My Better Life - Page 6

Tanner sniffs and wipes the back of his hand across his nose. He looks to his brother. Elijah, being ten to Tanner’s nine, is the leader. With his okay, Tanner nods.

“Cause…See…I was testing out my robotic arm egg collectin’ system, the eggs came down the chute, and the arm, it’s like that claw in the toy machine, ’cept it actually grabs the eggs, it doesn’t rip you off, and then the pulley was supposed to open the gate just enough to drop the egg in the basket, but Billy snuck through the opening cause he doesn’t have bones, he’s liquid, and he knocked the basket over, and all the eggs got cracked, so Elijah and I were getting the eggs, and Billy ran past, and Shay was pushing the front door open with her head to see what the noise was about, because she’s curious since she’s a cat, and Billy ran past her, and then…” He stops talking when Elijah elbows him.

I’m beginning to see exactly what happened. Tanner looks exceptionally proud, even though there’s a rooster on our breakfast table and all our fresh eggs are cracked, so I expect his pulley robot thingy worked. Granny Allwright keeps giving him metal scraps from the junk yard, and he keeps building more and more contraptions.

“Good job on the robotic arm.”

Tanner and Elijah grin.

Billy clucks. I lunge forward, swipe him off the table in one quick grasp. He pecks me, a quick, hard hit against the bare skin of my arm and I bite my tongue at the painful sting. That’s gonna bruise. He flaps and squawks and wriggles, like he’s in a fight to the death. I hold his wings down at his sides and press him against my body, trying to limit his movements.

“Settle down. I’m not gonna eat you. Today. Ornery old coot.”

“She got him!”

Tanner and Elijah let out a loud cheer and Shay meows her approval, hopping up on a chair to have a look. The boys lead the way, Shay follows on all fours, and in the backyard, we close Billy back in the coop with the hens.

Down the mountain, I hear the rumble of the school bus. Sound travels here—you can hear Granny Allwright singing in her garden in the mornings even though she lives two miles up the mountain—but by the sound, I know the bus is only a few minutes down the road.

“The bus! Shovel that breakfast in, get your backpacks, and your shoes, and—”

The kids take off, even Shay forgets to be a cat and runs after her brothers. When I make it to the kitchen, breakfast is already gone. Oatmeal is smeared on Shay’s face. I wipe her red cheeks and kiss her on the nose.

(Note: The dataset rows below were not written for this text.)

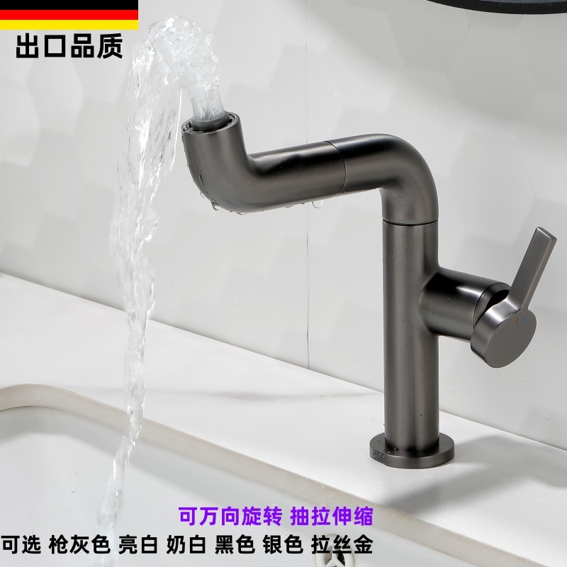 德国全铜面盆抽拉龙头洗脸盆冷热水卫生间台盆枪灰色洗手盆水龙头
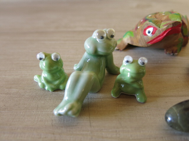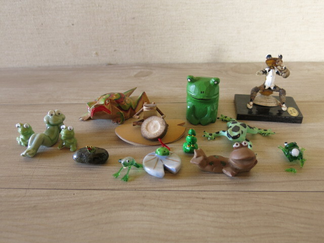 【現状渡し】まとめて カエル 置物 ガラス細工 木彫り オブジェ 工芸品 インテリア 小物 雑貨 蛙 かえる フロッグ 貝細工
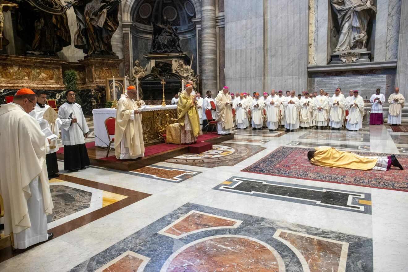 Zgodnie z tradycją, na początku obrzędu Święceń odśpiewano hymn „Veni, creator Spiritus”, przedstawiono kandydata do Święceń i odczytano Bullę Papieską, w której Ojciec Święty Franciszek zwraca się do nominata w tych słowach:

Tanner and Elijah race through the kitchen, hopping into their shoes. There’s a hole in Elijah’s left shoe, right at the tip, and I see his white sock poking through. The bus honks. It’s at the end of the drive.

“Bye Mom!”

“Bye!”

“Love you!”

They run out the door, Elijah the fastest, Tanner right after him, and Shay’s little legs spinning wildly to keep up, her hand-me-down blue camo backpack thumping against her back. I glance around the kitchen, at the dirty dishes, the spilled oatmeal and milk, and the feathers and dust motes still floating in the breeze from the opening and slamming front door. The kitchen may smell comforting, and you might be tempted to relax, but it’s an illusion. This place is the eye of the hurricane, the deceptive quiet between the chaos of the past and the chaos of the future.

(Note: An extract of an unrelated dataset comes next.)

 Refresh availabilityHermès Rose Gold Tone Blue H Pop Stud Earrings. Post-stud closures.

I sigh at the mess and think, someday, someday I’ll have a moment to give it a good clean. I’ll have a minute to fix the faucet that shoots jets of water every which way when you turn it too far to the left. I’ll tighten the loose knobs on the cupboards. I’ll get a stove that doesn’t need me to light the pilot light every time I cook. I’ll mend the torn screen in the windows. Then I’ll move on to the rest of the house. Fix all the things. Someday.

But not today.

The whooshing of the airbrakes on the bus hisses and the door closes. I wave from the kitchen window, as the yellow bus pulls down the road. I can barely make out Shay’s pigtails, or as she calls them, cat ears, as she climbs into the front seat. Tanner and Elijah run toward the back.

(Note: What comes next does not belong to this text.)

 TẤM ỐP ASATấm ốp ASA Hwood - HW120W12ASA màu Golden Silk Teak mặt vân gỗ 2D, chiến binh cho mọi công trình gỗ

I rub a hand down my face and consider a shower.

But the kitchen clock reminds me that I don’t have time. I have to get the sculpture over to Gavin Williams’ cabin before his fiancée or wife or whatever she is arrives. His directions were clear in his email. Deliver the sculpture this morning before ten a.m.

Leave without disturbing the house or the occupants.

Payment upon delivery.

For that kind of money, I’ll follow his directions to the letter. Even if it means I’m dressed in dirty overalls, covered in chicken feathers, and I smell like chicken poop, scratch seeds, smoke, and oats.

I shrug. Bobby would’ve told me chicken poop is nature’s finest beauty treatment. I’ll go with that.

Besides, today is the first day of the rest of my life. And from here on out, it’s going to be a good one.